I have come to adore RuPaul’s podcast, and last week he inteviewed Kristin Chenoweth. He asked her what TV she likes and she confessed—claiming embarrassment—that she watches all the Housewives (including Dallas!), Flipping Out, Vanderpump Rules, etc. RuPaul said, “oh, all the Bravo shows. You know what my problem is with those shows...?”
I don’t remember what his problem is. It wasn’t something serious. But his tone changed when she brought Bravo up and I liked to think, as I have said in the Drag Race thread, that he intentionally distances himself from the Cohen-Cooper cult.
I used to like Bravo and thought my black women friends were overreacting to how the Atlanta women were represented, with the wig pulling and screaming, bullhorns, undermining the importance of the Undergroun Railroad, etc. Then suddenly one night I realized how seriously mutilated many of the (mostly now former) BH cast members were. Then on WWHL I realized how Cohen has basically tripled down on this (to me) offensive expectation of conformity among gay men—the opposite of RuPaul. Cohen and Bravo capitalize on “gay” with a parade of cookie-cutter young men who take off their shirts and are gawked at by creepy old Andy, and who serve as either sidekick props to rich old ladies or who are encouraged (you and I) to revere these rich old ladies from our living rooms while obsessing over doing crunches and getting drunk. RuPaul on the other hand acknowledges that vain gay culture with his “pit crew” human props, but the focus of the show is actually on standing out by being the most different, the most creative, most talented, most surprising. Most of the Drag Race casts are not conventionally attractive and that is the only place I can think of that presents gay guys who don’t look like they walked off the CW Starling assembly line. Cohen, and even if the Bravo network has limited his power the network has kept his model, in gay terms is about being “hot,” being intoxicated and either being rich or worshipping people who are. It makes me sick.
Brandi on Big Brother, apart from a Housewives cast, stands out much more as the sort of people Cohen/Bravo have cast. She was once gorgeous but is in the process of Michael Jackson-level self-mutilation. She seems to be drunk or at least drinking all the time on Big Brother (as she did on RHOBH) and plays it up like it’s funny and cool, as her Bravo pimp daddy does with alcohol, weed and cocaine. It’s really sad to me to watch. I saw an ep of Big Brother in which she has to crawl through a dark room and she slurred “OF COURSE I had a glass of wine first to calm my nerves” with a giggle. A glass of wine, fine, but Bravo actually celebrates alcoholism and takes everything way too far—I honestly thought the show might show Kim Richards OD and play it up in dramatic promotions and then build Kyle up as a strong survivor, etc.

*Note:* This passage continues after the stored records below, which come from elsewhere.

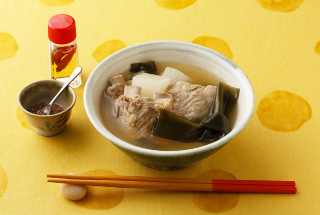 それほどまでにじっくり煮込んだスープは、豚肉と昆布とかつお節の旨みが溶け合って滋味深く、まさにヌチグスイ(命の薬)です。
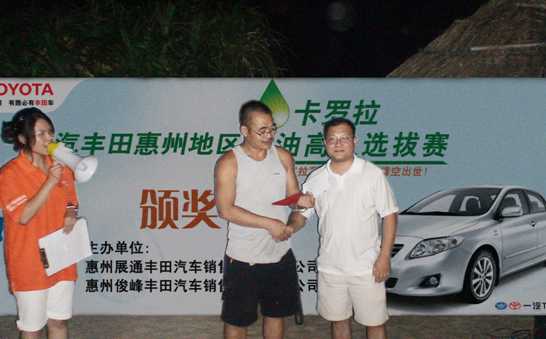 8月30日,由江北惠州展通丰田和惠州俊峰丰田两家一汽丰田经销商联合举办的“卡罗拉惠州地区节油高人选拔赛”火热开赛,6名卡罗拉车主从30多名优秀选手中脱颖而出,分别获得卡罗拉1.8L自动/手动挡“节油高人”的荣誉称号。其中,28号选手练先生以4.89升/100KM的成绩创下了卡罗拉节油高人选拔赛的最好成绩。此次比赛的冠、亚、季军卡罗拉车主分别获得了3000元加油卡、2000元加油卡以及1000元加油卡的奖励。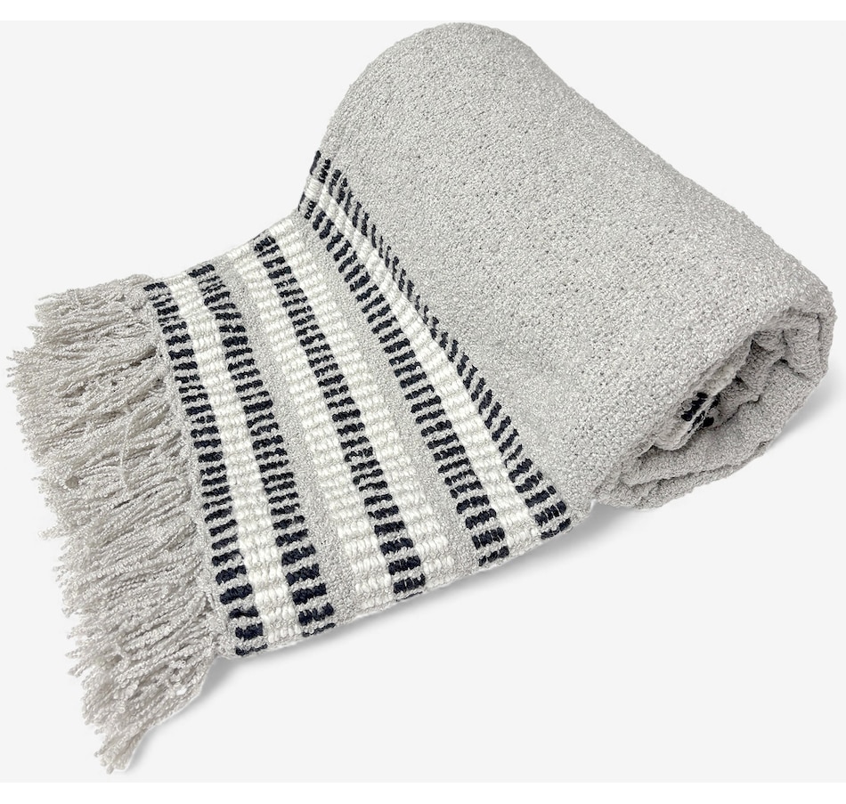 Bring a touch of artisanal craftmanship and effortless style to your space with this hand-woven 50" x 60" throw. It features a stylish fringe around its border and intricate black and white stitched detailing across the top and bottom. Whether it's for the bedroom, couch or anywhere else in your home, the Maximus fringe throw will elevate its surroundings with stylish ease.

I’ve had my fill of what this network offers. I am not coming from a place of “social justice.” I just feel personally insulted by the way the network coopted gay identities and essentially was a major force in eradicating the parts of gay culture that I’ve always identified with—creativity, individualism, being proud of being different—and mainstreamed “gay” as an entirely superficial, uninteresting, paint-by-numbers identity based on consumerism, narcissism, and old men and women denying their ages through terrifying surgeries, drugs and alcohol, and fucking trophy guys.